* [Your goal]:
Exclude the pictures, then restate exactly each line of the data below from the first through the line containing "вид перед выходом.".

* [Data shown]:

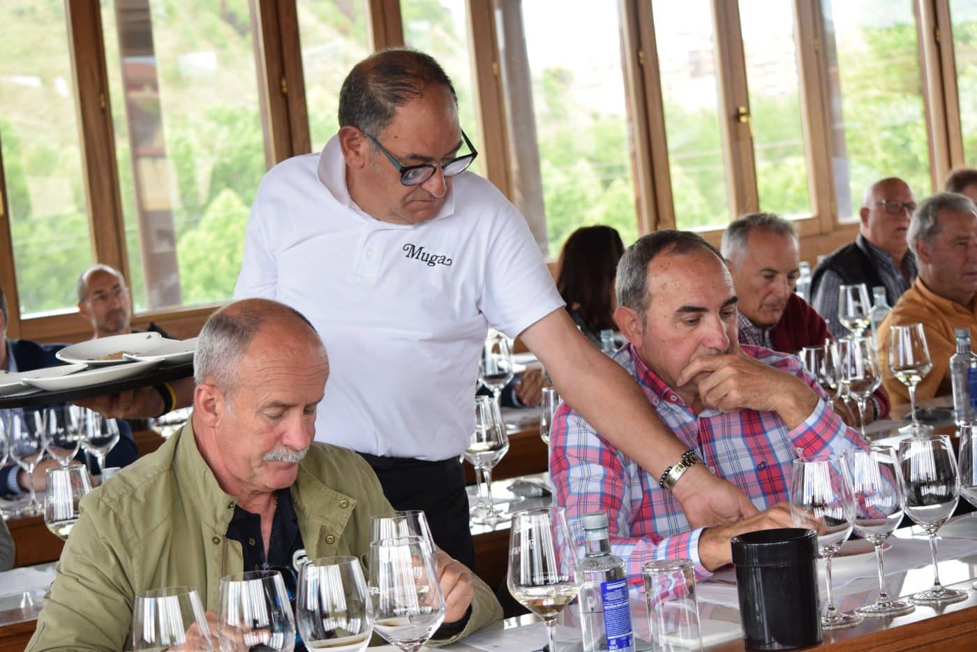 Los participantes en la cata, unos treinta en total, han podido degustar dos vinos blanco, dos rosados y dos tintos maridados con diferentes platos cocinados en Muga: Muga Blanco y Flor de Muga Blanco Reserva con un carpaccio de langostino con foie curado; Muga Rosado y Flor de Muga Rosado, con alcachofa confitada en aceite de oliva virgen extra y para finalizar Muga Selección Especial y Prado Enea Gran Reserva con pochas a la riojana y una tabla de quesos.
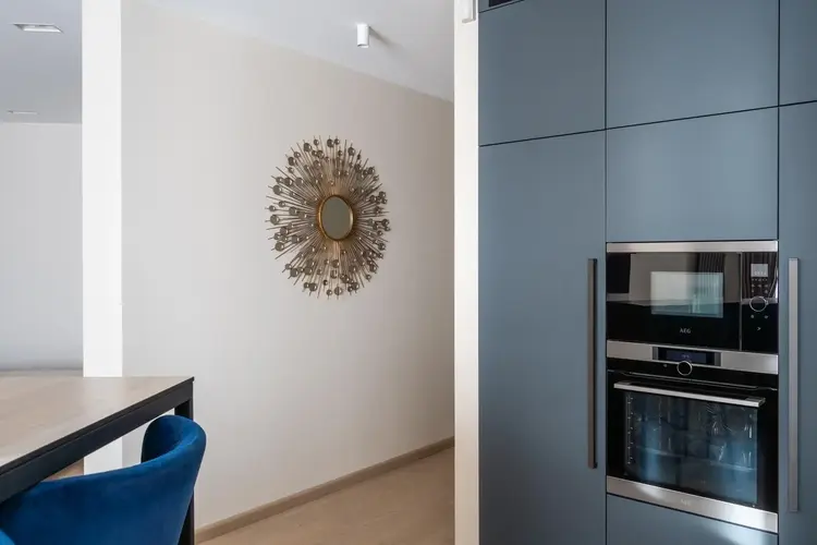 • Светлая входная группа: Акцентные синие шкафы с фасадами, украшенными ритмичными геометрическими фигурами, не только служат для хранения верхней одежды и обуви, но и скрывают бытовую технику. Завершается входная группа стильным зеркалом, которое визуально увеличивает пространство и позволяет быстро проверить внешний вид перед выходом.
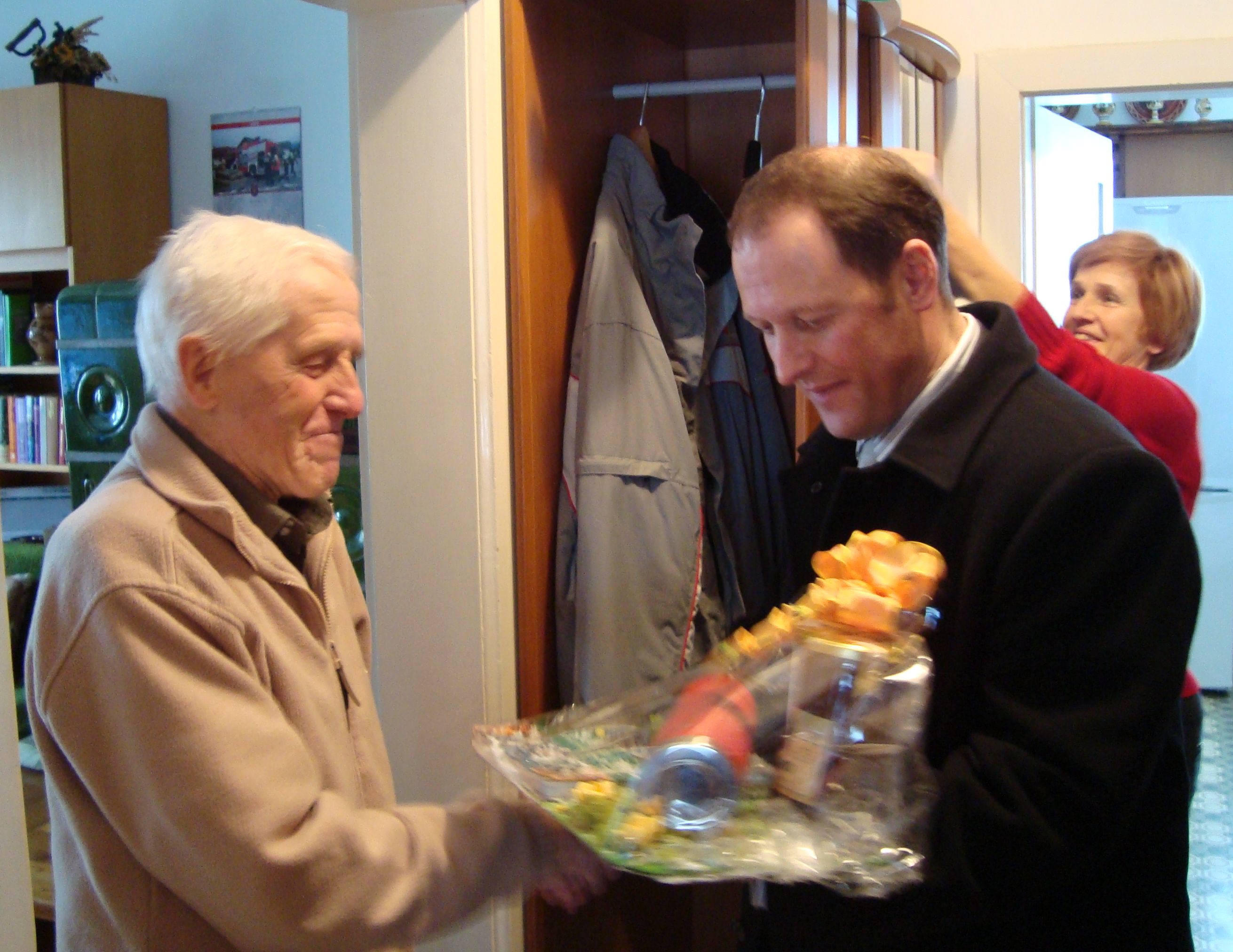 V ponedeljek 19. januarja smo z županom in predstavnicami Društva upokojencev Žirovnica, Jano Lavrenčič, Jerco Tičar in zaupnico Ivanko, obiskali našega občana Vincenca Zupana iz Sela pri Žirovnici. Gospod je praznoval svoj 95. rojstni dan. Zadnja leta sicer živi pri hčerki v Ljubljani, vendar se z družino ob vikendih rad vrača v domači kraj. S hčerko Vando sta nam pripravila prisrčen sprejem. Hiša je obdana s polno pozitivne energije in smeha, česar ni manjkalo tudi na obisku. Ob polni mizi dobrot je stekel sproščen pogovor, ki je privedel do marsikatere anekdote. Gospod Vincenc je pri svojih zavidljivih letih odličnega zdravja in še bistre glave. Nekoliko mu le nagaja vid. Skozi pogovor nam je zaupal zgodbo kje in kako je služil vojsko v takratni (bivši) Jugoslaviji. Zelo rad je v krogu svoje družine, dveh hčera in sina, petih vnukov in ene vnukinje ter dveh pravnukov.

* [Completed exercise]:
 Los participantes en la cata, unos treinta en total, han podido degustar dos vinos blanco, dos rosados y dos tintos maridados con diferentes platos cocinados en Muga: Muga Blanco y Flor de Muga Blanco Reserva con un carpaccio de langostino con foie curado; Muga Rosado y Flor de Muga Rosado, con alcachofa confitada en aceite de oliva virgen extra y para finalizar Muga Selección Especial y Prado Enea Gran Reserva con pochas a la riojana y una tabla de quesos.
 • Светлая входная группа: Акцентные синие шкафы с фасадами, украшенными ритмичными геометрическими фигурами, не только служат для хранения верхней одежды и обуви, но и скрывают бытовую технику. Завершается входная группа стильным зеркалом, которое визуально увеличивает пространство и позволяет быстро проверить внешний вид перед выходом.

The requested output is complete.